И он начинал рассказывать недалекой Сволочи, разные пошлые анекдоты, но она дура не смеялась и даже осмеливалась перечить, говоря, что это нехорошо. Хорошему человеку и нехорошо?! Приходилось эту гниду подучивать и пересчитывать ребра, чтобы она не умничала и не прекословила.

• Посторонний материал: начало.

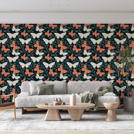 Zobrazit celý detailTapeta s motýly | Motiv s motýly a terakotovými akcenty na tmavém pozadí
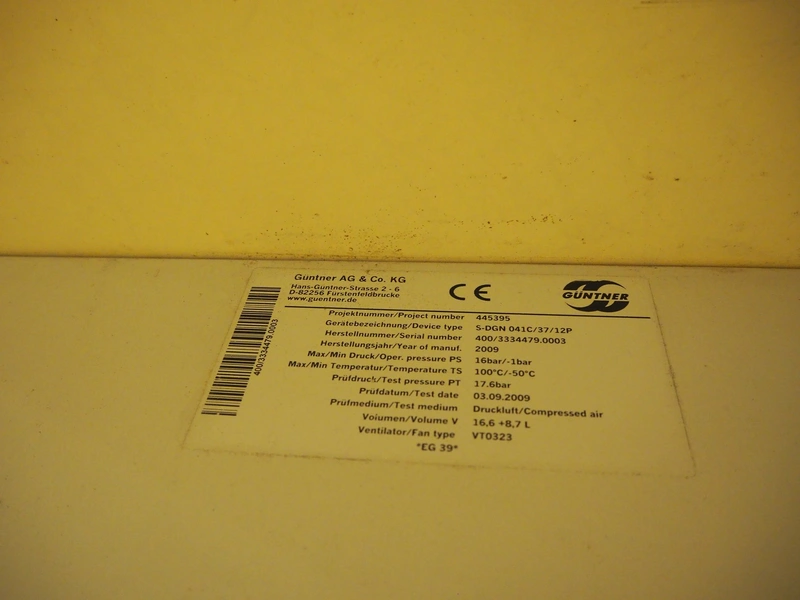 Güntner GmbH & Co. KG evaporator, device type: S-DGN 041C/37/12P, serial number: 400/333447903, year of construction: 2009, maximum / minimum pressure: 16 bar / - 1 bar, maximum / minimum temperature: 100˚C / -50˚C, volume: 16.6 + 8.7 liter, 3 fans, dimensions: 2600 mm x 1600 mm x 450 mm.

Получив изрядную долю тумаков, Сволочь переходила к соседу мужика, о котором он так нелестно отзывался и уже там, все повторялось по-прежнему, только теперь ярлык вешал сосед, на предыдущего мужика. Иной раз Сволочь выполняла на селе и миротворческую миссию. Поспорят, допустим, Степан и Петро, об общей меже, между их огородами, да и до драки дойдет дело. Сволочь увидит, прибежит разнимать, да и ляжет бедная между ними, прямо на межу. Ну мужики и начнут, душу отводить, не жалея своих ног, вонзая кирзовые сапоги в тщедушное тело Сволочи, по самые щиколотки. Потом запыхаются бедные, отведя душу и разойдутся до следующего раза, как ни в чем не бывало. «Вот и Сволочь пригодилась, – думают односельчане, – а то ведь мужики, ненароком могли и покалечить друг друга!»

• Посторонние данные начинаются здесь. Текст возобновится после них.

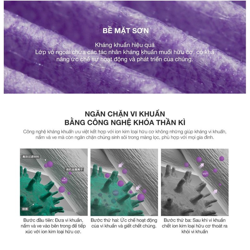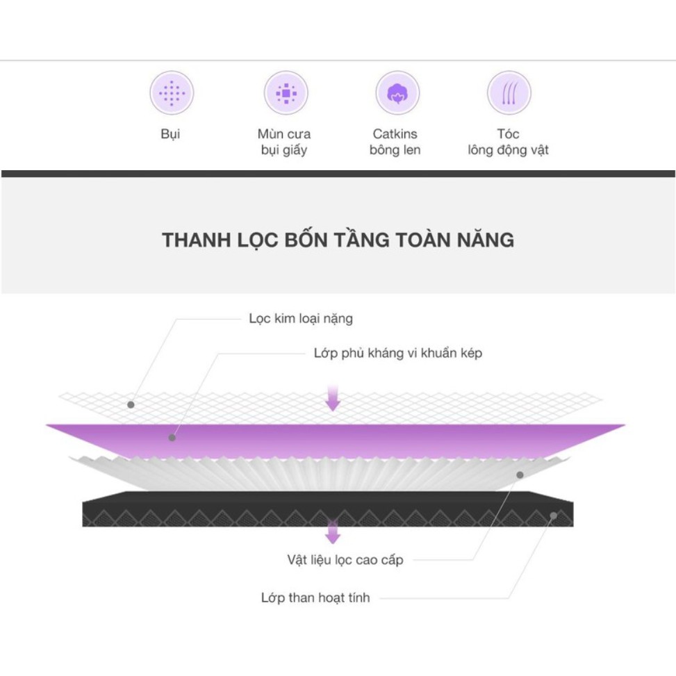 - Loại bỏ hiệu quả vi khuẩn, các loại bụi bẩn trong không khí. Lớp kháng khuẩn được thiết kế đặc biệt giúp khử sạch mọi vi khuẩn và đem lại không khí trong lành. Lõi lọc Formaldehyde có bốn lớp lọc, do đó hiệu suất hoạt động cũng gấp 4 lần lõi lọc bình thường. Thiết kế hình trụ dài của lõi lọc kiểu nếp gấp cũng giúp tăng diện tích tiếp xúc với không khí, từ đó tăng hiệu quả lọc cao hơn.

Так Сволочь и жила, пока к осени все дворы перейдет, ребра у нее ломят, бока болят – хоть скули. А она возьмет тогда, да и запьет, вроде как со своего горя непутевого, – от той самой непонятной для других тоски. Тупая же сволочь, что с нее взять?! А народ тут то и пожалеет ее – еще бока под намнёт, чтобы сволочь знала, что пить это грех, тем более для нее. Раз ты курва нам на зло молишься и постишься, то не смей гнида, стакан трогать. А то безобразие получается! вроде как под святую косишь, а в стакан лезешь. А на самом деле дрянь дрянью, пьяница и забулдыга безработная. И договорятся до того, что уже не только Сволочь чихвостят, ну и попам достается – мол, и ты, и попы твои сволочи! Тоже о чувствах добрых рассуждают, а на самом деле, как сволочи все живете, да еще и нас поучать беретесь?! Сроду мы, пока гром не грянет: не крестились, не молились и не постились, и не собираемся! После всех этих слов, Сволочь опять били вдоволь, изрядно, чтобы гнида кровью харкала и имя Господа не произносила, своими мерзкими устами:



– Мы Его не трогаем и ты своей скверной пастью – не трогай!

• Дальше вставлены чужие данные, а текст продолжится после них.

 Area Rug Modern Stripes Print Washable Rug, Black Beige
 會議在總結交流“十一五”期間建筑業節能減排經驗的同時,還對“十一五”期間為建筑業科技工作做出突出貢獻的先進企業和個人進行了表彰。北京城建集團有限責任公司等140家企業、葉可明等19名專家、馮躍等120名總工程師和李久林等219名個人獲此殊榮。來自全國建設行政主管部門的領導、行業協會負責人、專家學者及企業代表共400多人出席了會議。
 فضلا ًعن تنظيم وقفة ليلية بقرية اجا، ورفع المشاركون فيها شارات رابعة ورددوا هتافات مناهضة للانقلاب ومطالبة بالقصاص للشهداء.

Нужно сказать, что очень уж нормальных людей раздражала, не только какая-то нездоровая, дурная набожность Сволочи, но и ее тупые разговоры о том, что попы и их многодетные семьи, тоже есть хотят:

– Чего сволочь удумала?! Нам вечно, на одного не хватает, а им как может, на десятерых не хватать?! Эх, сволочь необразованная и считать то гнида разучилась! Дура, кто же не знает, что вечно этот поп, бедного Балду эксплуатирует?! Вот избавимся от них тунеядцев, тогда и заживем! – Говорил грамотный мужик, доставая из лесу свою дубинушку.

Вот так Сволочь и доживала свой век на селе, всех раздражала и всем помогала. Лупили ее постоянно, всем селом: и успитками, и под дых, и в харю молящуюся, и в руки дающие, и по мусалам благословляющим. Да и как, сами посудите, люди нормальные, такую паскудницу не лупить?! В народе даже поговорка родилась – сволочь не избить, жизнь зря прожить. Так эта гнида и существовала, – сама мучилась и людей мучила, пока не издохла. Да и издохла-то Сволочь, как и положено ей, не по-человечески. Батрачила на селян, до Юрьего дня, а там уж, как дела все поотделали, на радостях всем селом и загудели. Да тут-то хорошенько Сволочь и ухандохали. Били радовались, кто не ударит, тот дурак. Игра у них такая, на радостях народилась. По сезону Сволочь сильно лупить, маленько накладно, она же тягловая, т.е. себе дороже выйдет. А уж как уборная закончилась, скотину порезали, то тут, как ее уж родимую ни отмордовать хорошенько?! Даже думать об этом стыдно! Налили, как обычно Сволочи стакан для смелости, она его и проглотила залпом. И давай родненькую лупцевать: зубы повыбивали, кости переломали, живого места на ней не оставили, дубасили всем селом, даже социализированные дети помогали. Когда все выдохлись: руки с ногами, об Сволочь посбивали, то оставили ее на выгоне, под лопухом, где она частенько и ночевала. А к утру Сволочь уже холодной была. Тут же всем селом и порешили – сдохла эта дура, от пьянки. Говорили же ей, добрые, хорошие, умные люди, чтобы она не пила. Пьянка, она до добра не доводит! А она гадина, алкашиная душа, опять нажралась, вот Бог ее и прибрал. Такие, долго не живут! Если Бог есть, то Он обязательно должен ее наказать, как иначе?! Видно ли, где-либо такое – жизнь прожить, а ничего в гроб не скопить?! Хоть бы еще одну сволочь нам родила, а то и ее не оставила, после себя.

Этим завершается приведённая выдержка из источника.